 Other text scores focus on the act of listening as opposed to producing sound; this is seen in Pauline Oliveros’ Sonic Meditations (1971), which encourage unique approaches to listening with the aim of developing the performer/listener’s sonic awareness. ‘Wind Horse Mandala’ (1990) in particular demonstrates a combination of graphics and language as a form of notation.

──────────────────────────────

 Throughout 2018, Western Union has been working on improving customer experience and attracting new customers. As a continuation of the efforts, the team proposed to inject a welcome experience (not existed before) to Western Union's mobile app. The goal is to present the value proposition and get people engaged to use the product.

──────────────────────────────

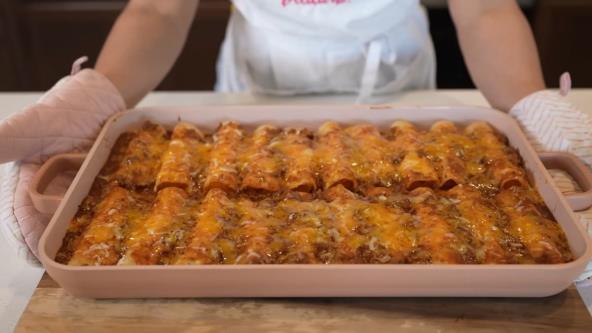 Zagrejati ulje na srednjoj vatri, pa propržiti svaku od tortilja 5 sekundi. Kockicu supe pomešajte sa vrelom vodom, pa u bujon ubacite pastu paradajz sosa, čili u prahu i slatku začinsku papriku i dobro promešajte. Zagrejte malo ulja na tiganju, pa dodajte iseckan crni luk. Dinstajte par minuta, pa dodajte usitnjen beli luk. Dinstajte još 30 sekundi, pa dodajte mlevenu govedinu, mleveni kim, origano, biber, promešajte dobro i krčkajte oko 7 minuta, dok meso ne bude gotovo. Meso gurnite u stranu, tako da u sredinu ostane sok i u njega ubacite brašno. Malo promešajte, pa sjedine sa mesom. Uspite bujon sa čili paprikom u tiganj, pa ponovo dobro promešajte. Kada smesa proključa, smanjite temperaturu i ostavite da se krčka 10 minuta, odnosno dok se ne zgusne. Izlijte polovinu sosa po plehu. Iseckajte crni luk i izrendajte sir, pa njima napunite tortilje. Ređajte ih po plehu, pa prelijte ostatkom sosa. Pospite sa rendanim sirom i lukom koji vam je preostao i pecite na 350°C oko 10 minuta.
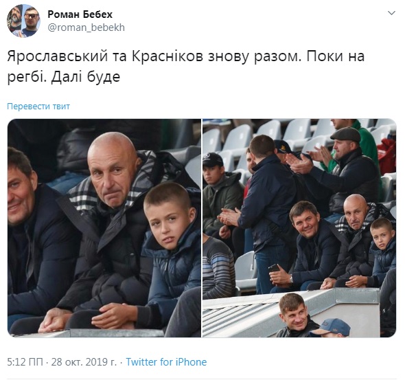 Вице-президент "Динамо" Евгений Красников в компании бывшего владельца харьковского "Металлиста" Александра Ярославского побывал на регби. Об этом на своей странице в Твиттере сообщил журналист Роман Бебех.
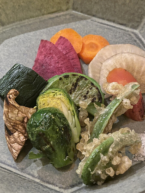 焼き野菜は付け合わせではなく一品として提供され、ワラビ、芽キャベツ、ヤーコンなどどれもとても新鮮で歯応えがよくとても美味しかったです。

──────────────────────────────

WHAT THE TASK ASKS: Working from the data above, repeat exactly, and only, the lines that begin at the line containing "журналист Роман Бебех." and stop after the line containing "焼き野菜は付け合わせではなく"; pictures are not copied.

RESULT OF THIS TASK:
 Вице-президент "Динамо" Евгений Красников в компании бывшего владельца харьковского "Металлиста" Александра Ярославского побывал на регби. Об этом на своей странице в Твиттере сообщил журналист Роман Бебех.
 焼き野菜は付け合わせではなく一品として提供され、ワラビ、芽キャベツ、ヤーコンなどどれもとても新鮮で歯応えがよくとても美味しかったです。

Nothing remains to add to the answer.